A foundation for scale
From this premise, we can argue that pursuing scale is vital since it supports the growth of goods and services to a global population. We could not have developed and distributed a COVID vaccine without the scale of pharmaceutical companies and research institutions. In our inner-connected global society, scale enables us to maintain modernity. From this lens, we could appreciate Fortune 500 companies that fund retirement accounts and a national government whose tax dollars fund social programs. Yet, this worshipping of large entities feels icky.
Seeing the front
Even if scale is necessary for modernity, we should remain skeptical of it—both in the private and public sectors.
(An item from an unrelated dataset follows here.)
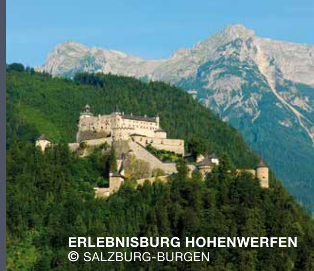
ERLEBNISBURG HOHENWERFEN

TIPP: Die Therme Amadé ist nur 10 Gehminuten vom Hotel entfernt. Die Therme Amadé ist eine Sole Therme für die ganze Familie mit 3 Rutschen, Springturm, Wellenbecken und einer Saunawelt für Erwachsene.

At our jobs, we could keep our ears tuned for the harbingers of scale: Embrace change, achieve global parity, and become enterprise ready.
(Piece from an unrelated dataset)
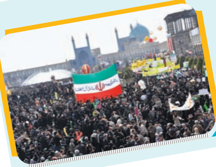
حضور پرشکوه مردم در راهپیمایی ۲۲ بهمن
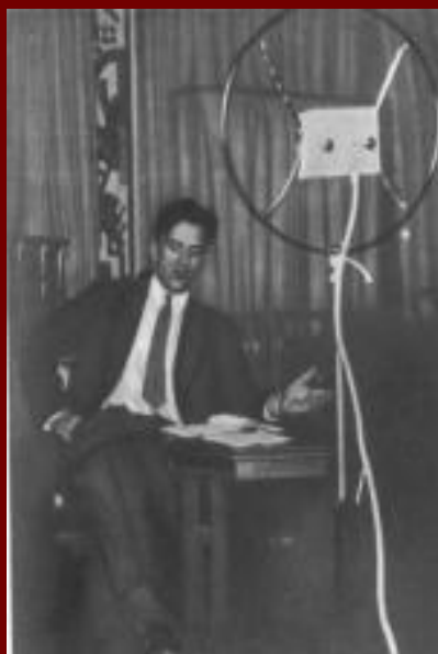
Маяковский на радио.

В 1915—1917 гг. Маяковский проходит военную службу в Петрограде в автошколе. 17 декабря 1918 г. поэт впервые прочел со сцены Матросского театра стихи "Левый марш (Матросам)". В марте 1919 г. он переезжает в Москву, начинает активно сотрудничать в РОСТА (Российское телеграфное агентство), оформляет (как поэт и как художник) для РОСТА агитационно-сатирические плакаты ("Окна РОСТА").

When an entity is scaling, much energy funnels into the positive marketing of growth: More opportunities, jobs, and profit. But there can be no light without shadow. A goal to achieve global parity could mean reduced focus on the existing regions where one does business. Increased spending on X program can mean divestment in Y program.
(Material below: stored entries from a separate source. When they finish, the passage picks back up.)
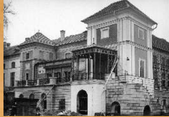
Odnowiona elewacja południowa. 1972 r.
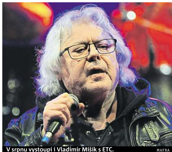
V srpnu vystoupí i Vladimír Mišík s ETC.

Ten, kdo chce spojit hudební zážitek s gurmánským, může zavítat v pátek a v sobotu na dvoudenní Jazz & Wine Fest, kromě dobrého jídla a vína si může užít řadu hudebních vystoupení. IBE
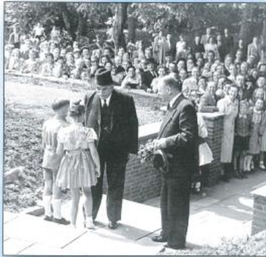
Bremen - Gröpelingen Juli 1955.
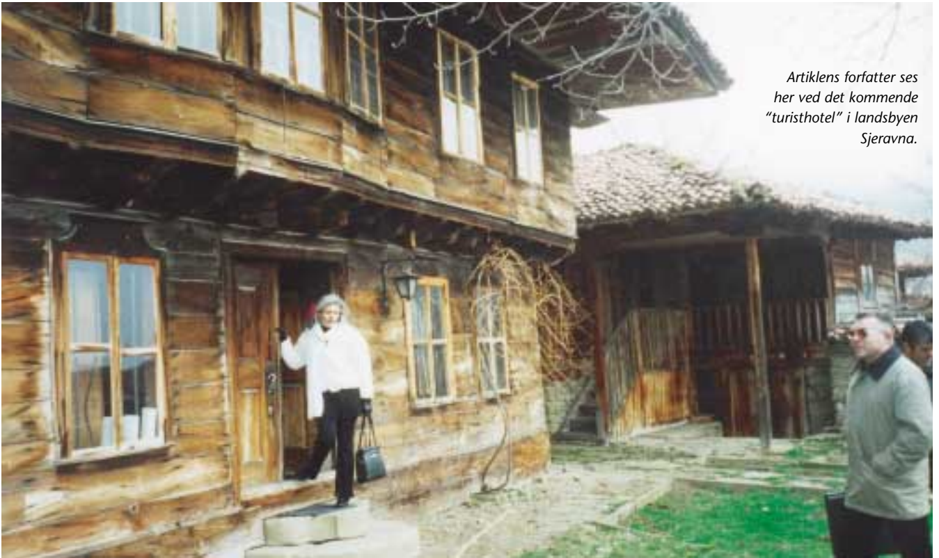
Artiklens forfatter ses her ved det kommende "turisthotel" i landsbyen Sjeravna.

Nordeco (Nordisk fond for miljø og udvikling) arbejder med rådgivningsopgaver omkring bevarelse af naturområder og har af sit overskud støttet flere mindre initiativer i den 3. verden. Merkur yder generel finansiering til Nordeco og har også ydet et lån til den danske støtte-gruppe for økoturist-projektet i Bulgarien.
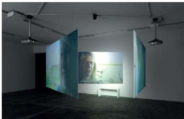
Actuellement: installation vidéo

Awareness is one thing, but what can we do about this? Since scaling necessitates many people, the individual’s influence might seem limited. But this challenge is not new, and entities have navigated scale gracefully.
The military’s mental model of seeing the front reminds leaders to have regular experience in the trenches to see what’s happening on the frontline. They may notice depleted artillery resources or low morale. Seeing the front often and directly—not through a proxy or chain of command—can ensure they have an accurate lens of reality.
Toyota has introduced several mechanisms into its car manufacturing process that have evolved into industry best practices. Walking the Gemba is a practice for office employees to regularly wander the factory floor to stay connected with the core business. The Andon cord is a mechanism for factory workers to cease the manufacturing process upon finding a defect. Despite the cost of short-term efficiency, the Andon cord enables Toyota to stay diligent about quality at scale.
Organizations can stay rigorous with principles that enabled their early success—prioritizing the investigation of one-off problems, valuing anecdotes over aggregate data, or requiring all employees to manage customer support tickets. But what can an individual do?
Do things that don’t scale
The other week, I visited one of those nearby Kroger variants to purchase a greeting card. As usual, I felt the soulless aura as I browsed the mass-produced cards stuffed with corny messages. When I found a semi-decent one, I walked past the rows of unmanned cash registers to the self-checkout and grumpily rang up my order. As I walked out, the attendant smiled behind his mask and said, “Good to see you again – have a great day!”
This man had worked the self-checkout line—helping people with the kiosks—for over three years, and not once had I witnessed his spirit drop. Through the pandemic, the riots, and all the chaos that continued to pass through the store, he maintained an upbeat attitude and consistently expressed genuine kindness. As silly as it sounds, my negativity faded.
It’s easy to get down and complain about corporations and governments. But occasionally, we catch a glimmer of humanity within them—the people that choose to retain their spirit, not through rebellion but by merely doing their jobs.
A friendly grocery bag
There’s a famous, pithy quote tossed around by entrepreneurs: “Do things that don’t scale.” The self-checkout man at Kroger exemplifies this daily. He doesn’t get ground down in the gears of scale but stands out because of his humanity. And that, miraculously, spreads farther and wider than scale ever could.